Having knowledge and experience with aquariums and reptiles helped me move over to the fish section. Being near 6' and weighing around 225 got me the stocking job though.


----------



## lumpyfunk (Dec 22, 2004)

pick your lfs that you want to work at and bring in your clippings and give them to the store. Great ice breaker, they can sell them and you will show them that you know what you are doing, at least plant wise.


----------



## hoffboy (Feb 20, 2005)

How about opening your own store? You could play David to the megalith's Goliath.


----------



## random_alias (Jun 28, 2005)

Seems like the pet stores around here have lazy cats just walking up and down the isles or sitting at the door watching people. I've begun to think they are remote controlled robot cats with camera eyes that they use to follow people around to catch shoplifters. 

Sorry, it was meant to be a joke. Guess you had to be there. :redface:


----------



## esarkipato (Jul 19, 2005)

hoffboy said:


> How about opening your own store? You could play David to the megalith's Goliath.


All I have to do is read Sarahbobarah's thread to discourage me from this idea 

I agreed with Tom's original advice, spend a lot of time at the pet store. Unless it's petsmart, then you really DON'T want to work there, not even for a discount!


----------



## 10galHatchets (Jan 25, 2006)

No amount of smile or hanging there will help if you are different kind of people they picture to be their employees, like different sex, age, etnicity, manners, higher edication than they would prefer - there are no difference from coffee shop...


----------



## TheOtherGeoff (Feb 11, 2003)

esarkipato said:


> Unless it's petsmart, then you really DON'T want to work there, not even for a discount!


bah, petsmart wasnt that bad. i stayed there for 2 yrs.now i am at a LFS which is more fun


----------



## vandyll (Feb 3, 2006)

esarkipato said:


> Unless it's petsmart, then you really DON'T want to work there, not even for a discount!


Heh, if you have the tolerance to put up with some of the other employees (including the managers), it's not so bad at all.

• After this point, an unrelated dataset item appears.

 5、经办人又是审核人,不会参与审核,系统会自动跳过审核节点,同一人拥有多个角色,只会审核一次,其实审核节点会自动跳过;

I have a large number of "regulars" that come in to talk specifically to me, and most of the people I work with are pretty fun.

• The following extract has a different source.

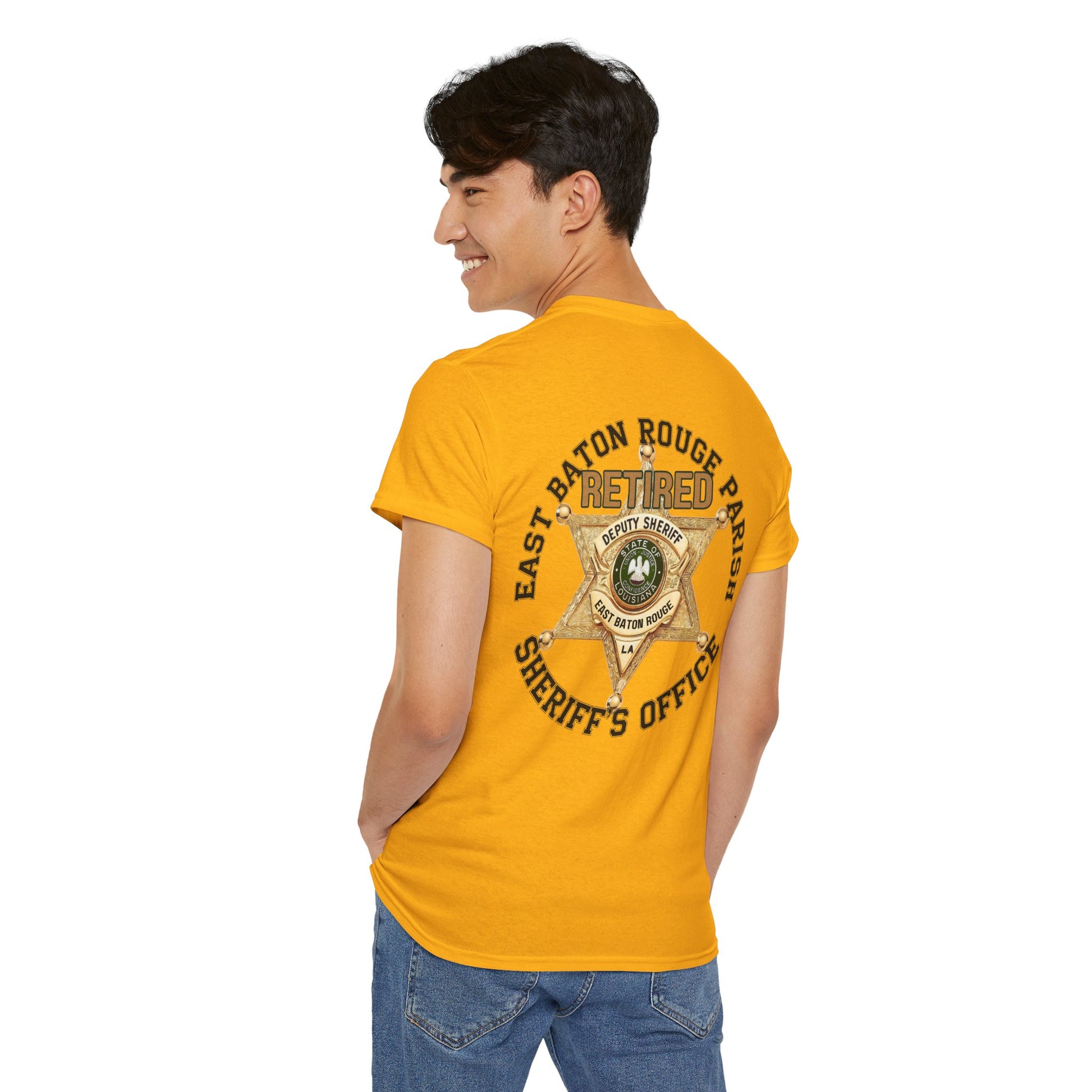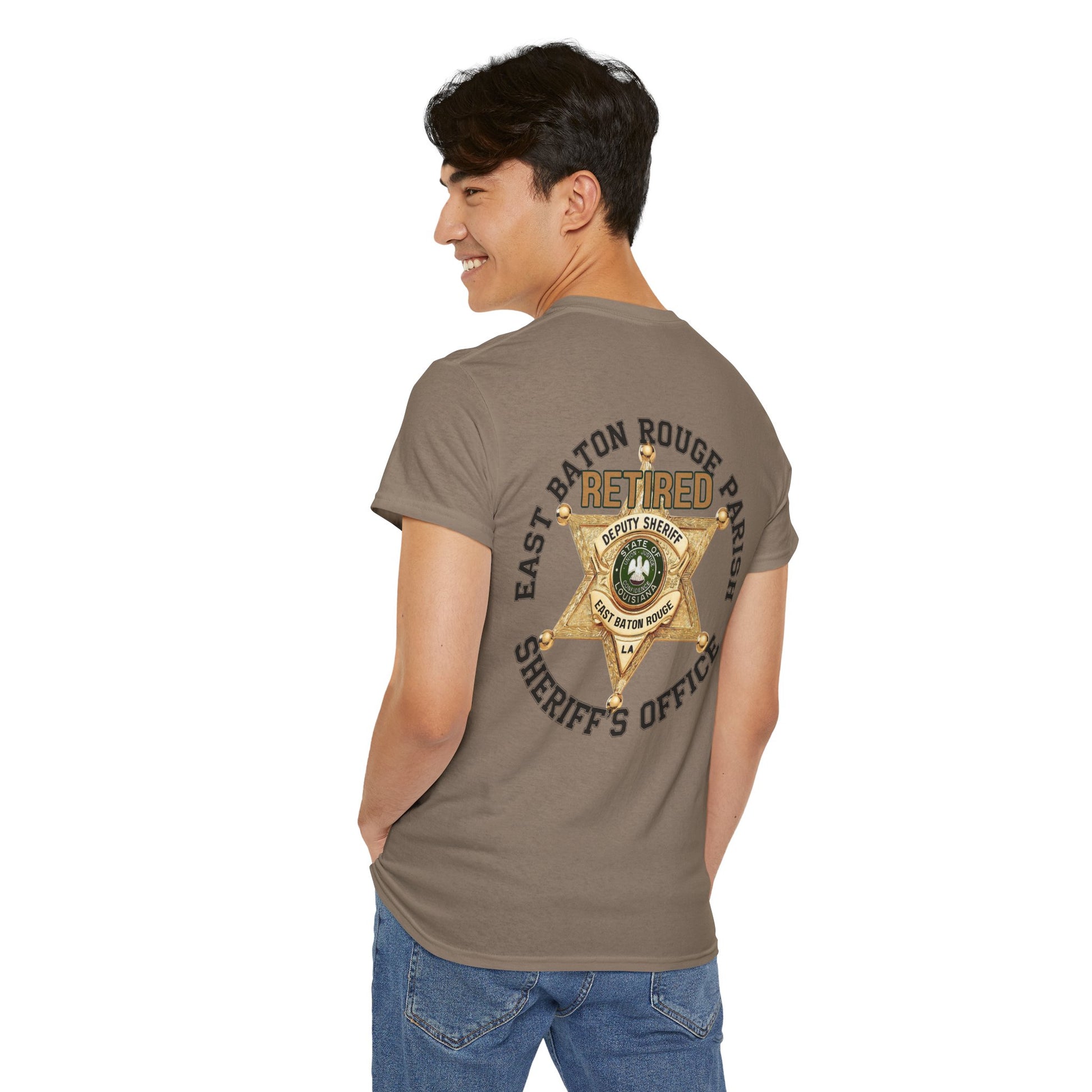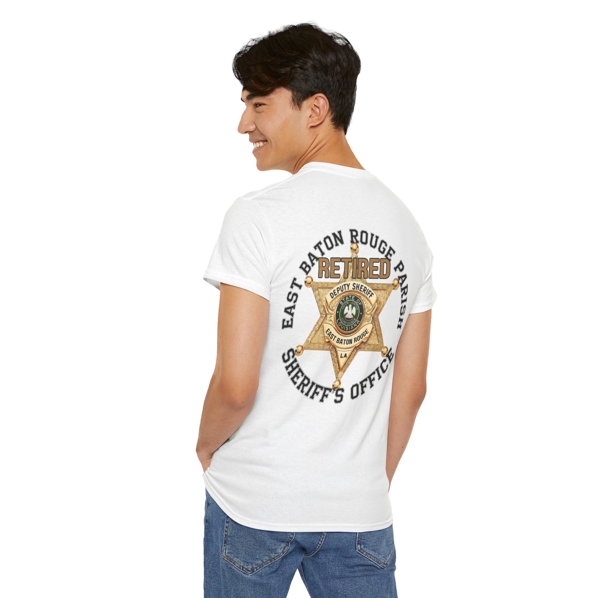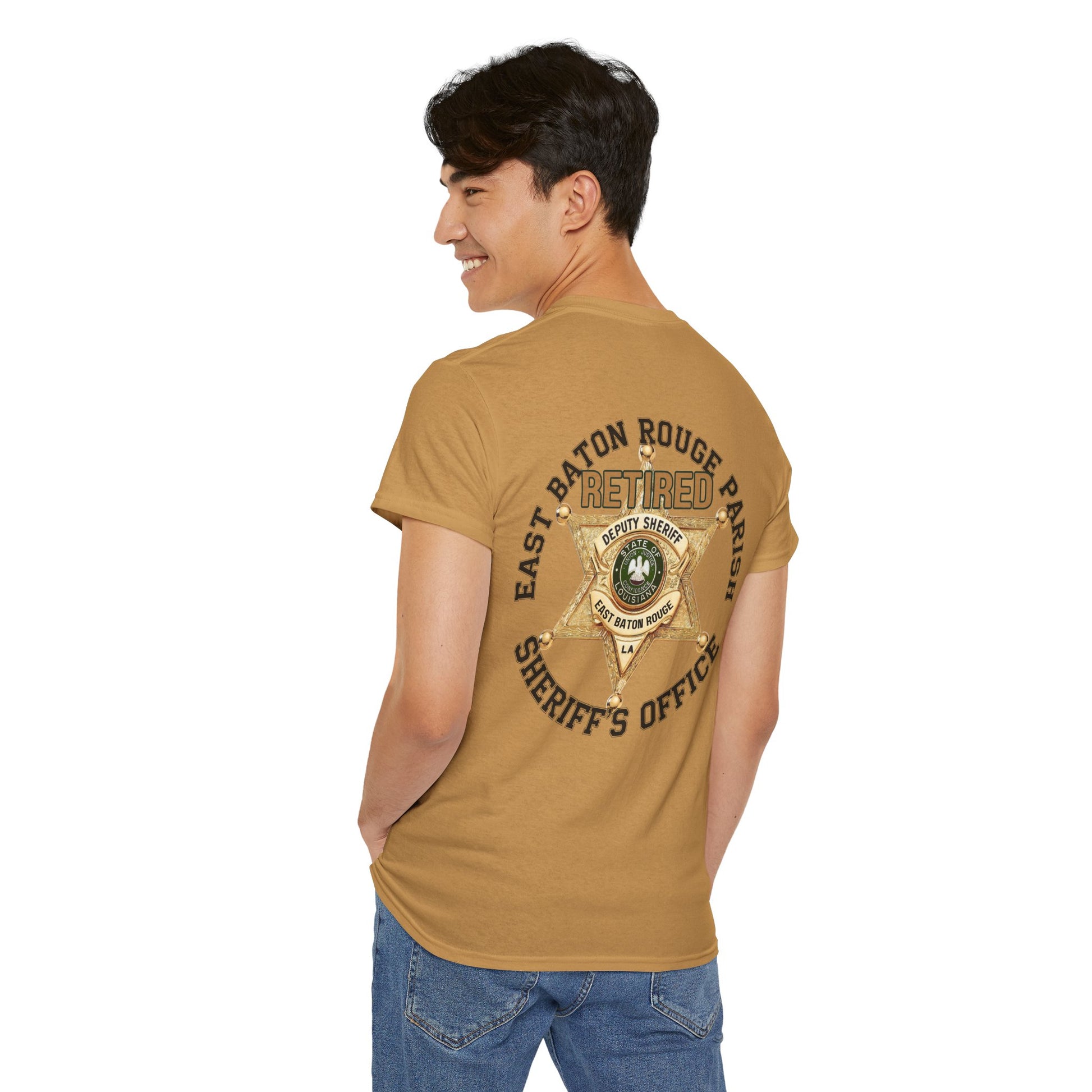 Pocket Front, Design on Back EBRSO Badge Retired Sheriff Heavy Cotton Tee, Unisex Tee, Law Enforcement Gift, Retirement Celebration T-shirt

Plus, I get first pick on all the fish/reptiles we get in.


----------



## aquamoon (Jul 26, 2004)

Thanks for all the tips .....to recount..(in no order)
a:Stick around and get to know the manager, owner.
b:Look neat and keep a smile on your face(kind of people they picture to be their employees)
C:fill out an application for any open jobs.
dccasionally ask every month or so. 
eick your lfs that you want to work at and bring in your clippings(Fish) and give them to the store
f:be a cat, and if this dont work open your own store


----------



## snafu (Oct 9, 2004)

if it's not the money you are after, why not do some volunteering at a local aquarium? you'll probably initially do a lot of food preparation, but it'll give you some experience seeing a 'big' operation. also, i doubt it would hurt your quest to get that paying job later.
-snafu


----------



## aquamoon (Jul 26, 2004)

snafu,
I live in the mountains of bfe...(with 3 chain pet store:icon_eek: )
thats kinda what i want one day, i think getting my foot in the door to a lfs(even a big chain store) is the best place for me to start....


----------



## BlueRam (Sep 21, 2004)

By any chance is ther a club nearby? I have "adopted" a number of fish and hardware during swaps/auction at GSAS (GSAS.org).

If no club, any interest in the area?

Check that the discount is greater than buying online... For example Big Al's has a free shipping thing right now.


----------



## plantbrain (Dec 15, 2003)

I think Raleigh is about the closest club, but they are a good club with plant folks. Neil Frank lives near there.

A wise person knows everything, a shrewd person knows everybody.

Add the two together for a high level of success. If you are a people person, it is a customer service job, and you have good knowledge, then that will help. Timing is important. 

I got my LFS job when I was 8. Worked there 4 years, till that nasty smelly hippy woman brought it and wrongfully accused me of stealing a piece of driftwood.

Later, she found it and said I could come back. I said "No, I'd rather do a paper route and sell drugs on the corner than have some mean lady accuse me of something I did not do". That was my actual answer. Lippy 12 year old was I. 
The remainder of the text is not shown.